The Sun Saboteurs
- Ace Double cover of The Sun Saboteurs
- Author: Damon Knight
- Language: English
- Genre: Science fiction
- Publisher: Ace Books
- Publication date: 1961
- Publication place: United States
- Media type: Print (Paperback) (magazine)
- Pages: 101

= The Sun Saboteurs =

1961 novel by Damon Knight

The Sun Saboteurs is a 1961 science fiction novel by American writer Damon Knight. Its topic is expatriate Earthmen living on an alien planet, and their daily hardships in dealing with their status as a minority group among aliens.

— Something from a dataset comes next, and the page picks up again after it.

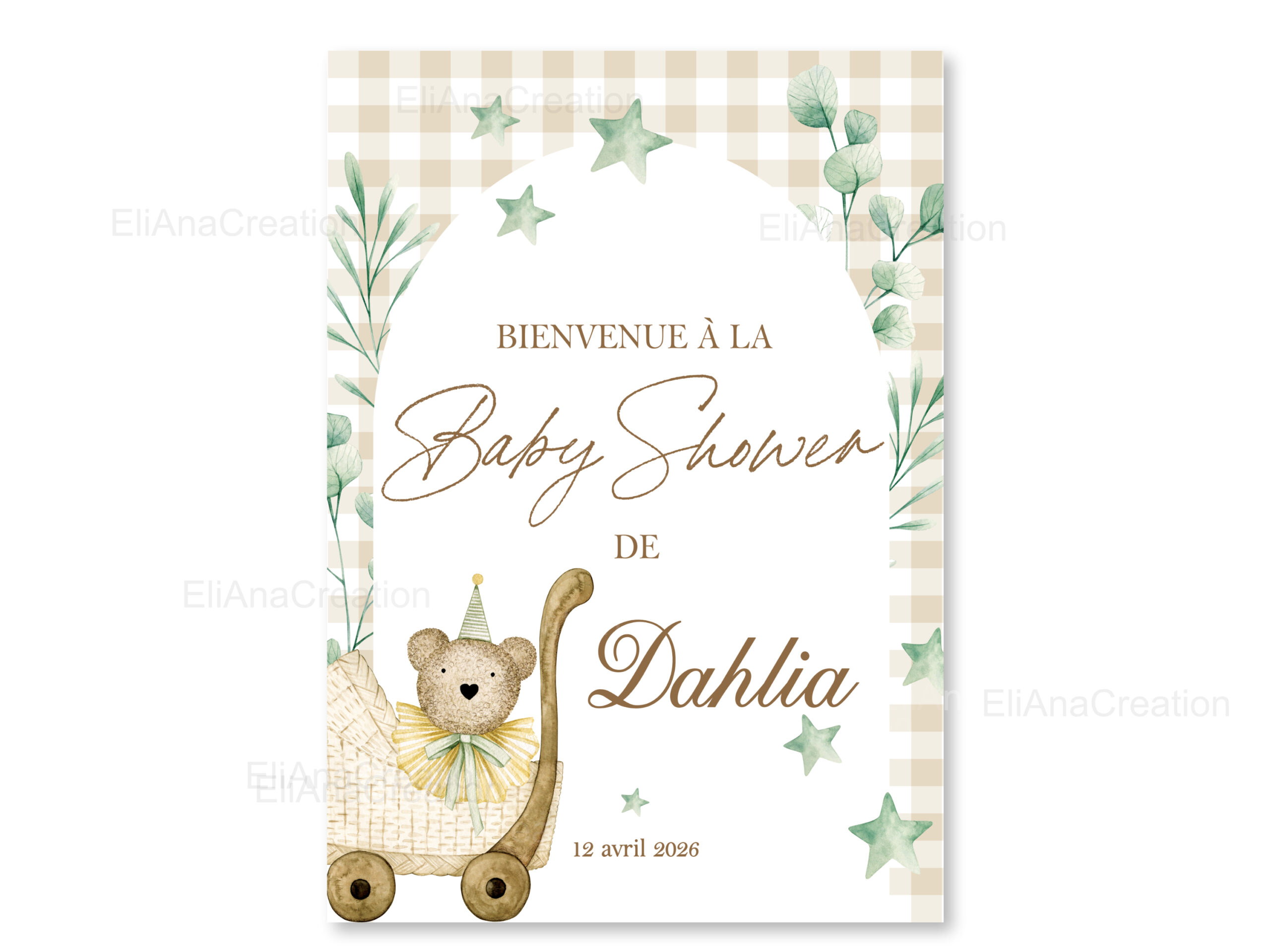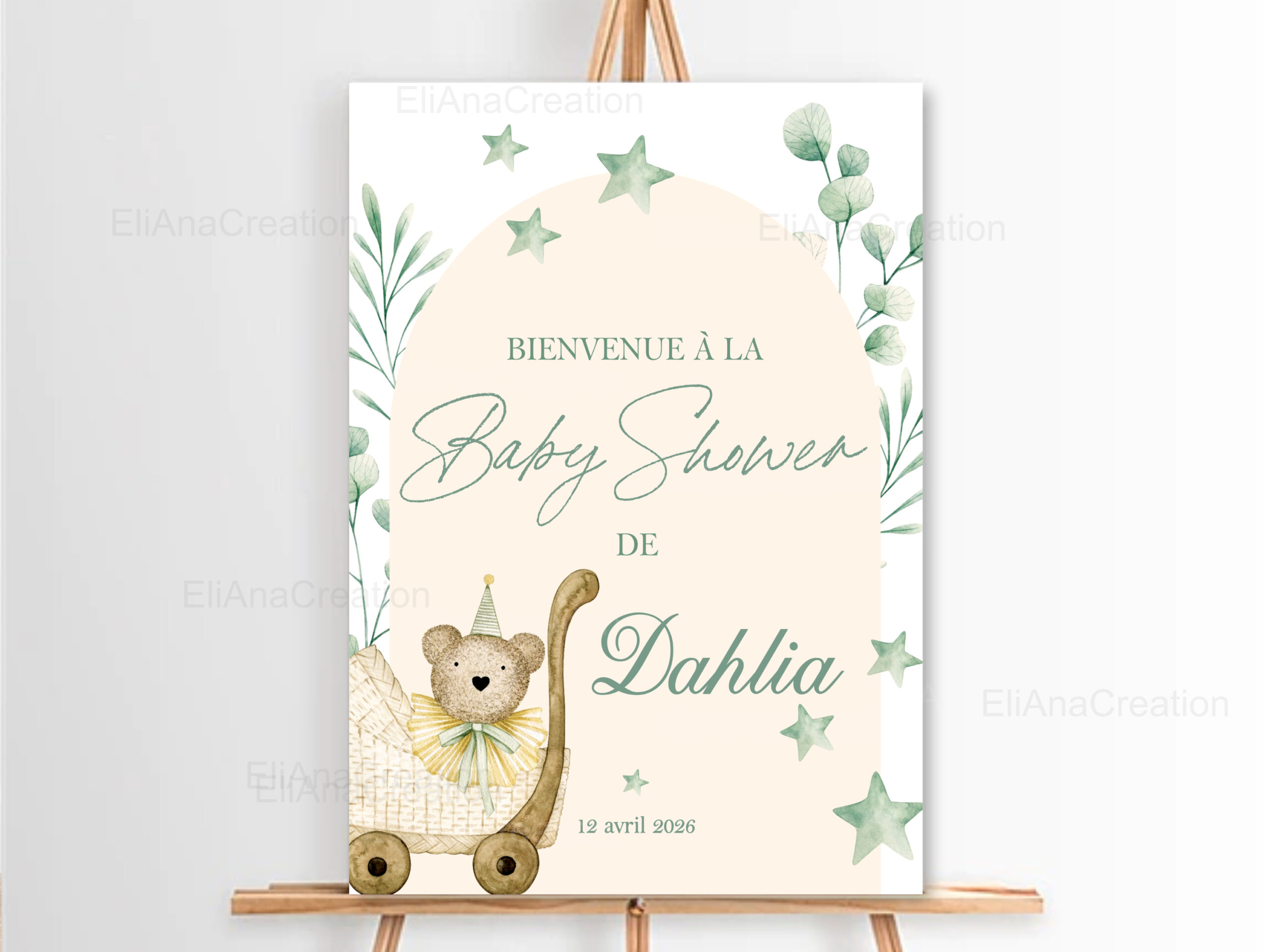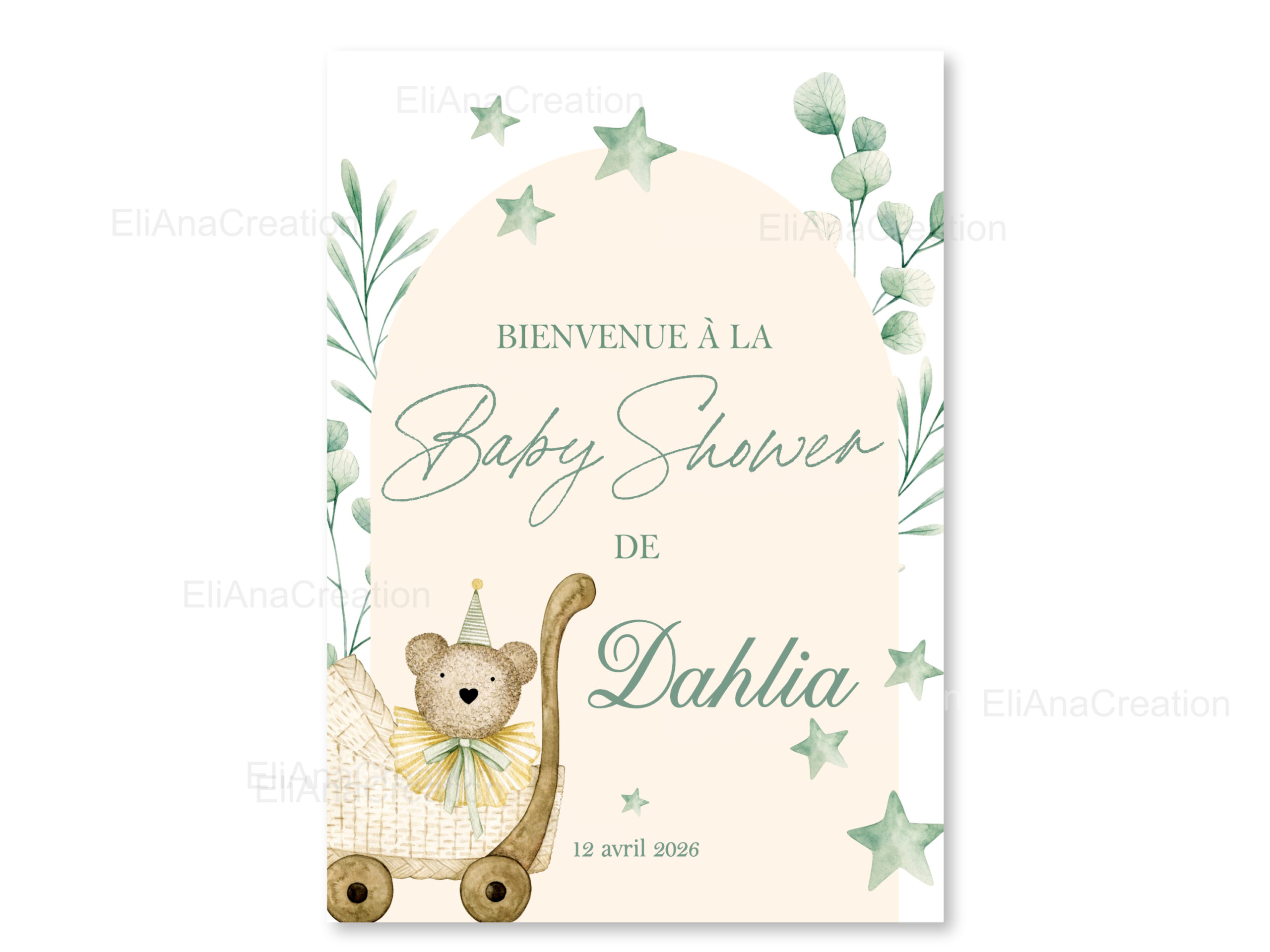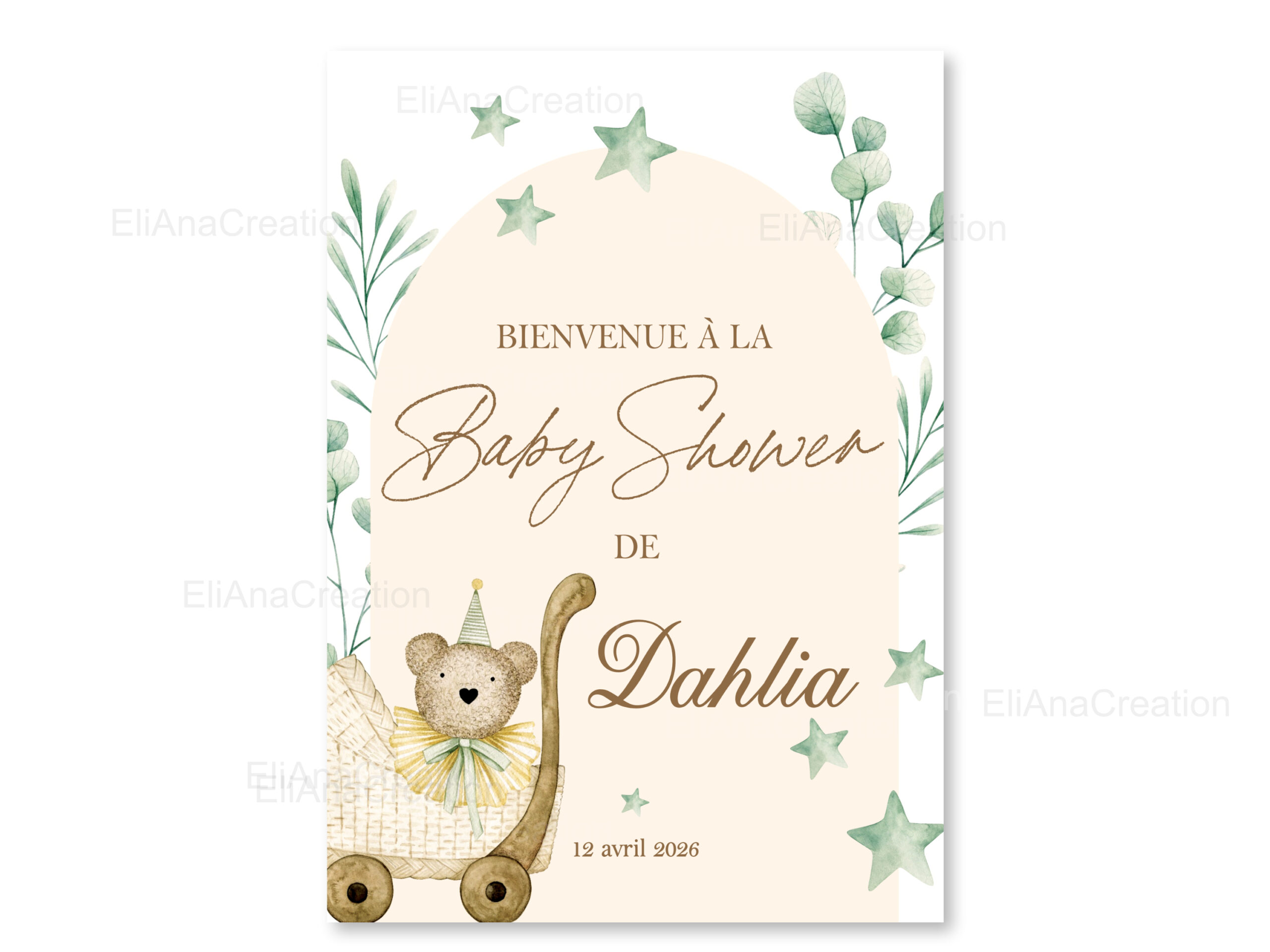 Cette affiche bienvenue personnalisée est idéale pour compléter votre décoration et sera un joli souvenir à garder après l’événement.

The story first appeared in 1955 in the form of a novella, entitled "The Earth Quarter", in If magazine . An expanded version was published by Ace in 1961, bound dos-à-dos with G. McDonald Wallis's The Light of Lilith as Ace Double F-108. It was reissued under its original title in the omnibus World Without Children and The Earth Quarter; and in the UK under the original title in the omnibus Two Novels.

==Synopsis==

In the future, Earth has been devastated by war and disease and supports only a primitive agrarian society. Most Earthmen live elsewhere, as émigrés on planets that are populated by alien species. The author suggests that the human species is the only one plagued by "original sin", i.e. by an innate tendency to lie, cheat, kill; aliens have come to accept these traits without understanding them. The story takes place among a group of humans in the "Earth Quarter", a ghetto on the planet Palu that is populated by an insect-like alien race called the Niori. The story opens with a visit by a representative of a political group, the "Minority People's League", which endorses the return of humans to their ancestral planet and accommodation with the aliens. The envoy is attacked and murdered by a group of thugs who see all aliens as inferior to humans and who seek retribution for humans' second-class status. Their leader, Rack, commandeers a space ship and convinces a group from the Quarter to follow him as he establishes a new colony on an uninhabited planet. Instead, Rack puts them to work building "total-conversion bombs" and begins a campaign of using the bombs to destroy the suns of alien solar systems (hence the "sun saboteurs" of the title). Eventually Rack is stopped by a fleet of galactic (alien) ships, but he barely escapes and returns to Palu. The humans murder him, but are nevertheless forced by the Niori to leave. At the story's close, the humans are preparing to board a ship for Earth.

==Critical reception==

Rich Horton writes "The novel is very well written -- from the first it is clear we are in the hands of a real writer... The action is mostly in a minor key, and the entire feel is both sad and bitterly cynical."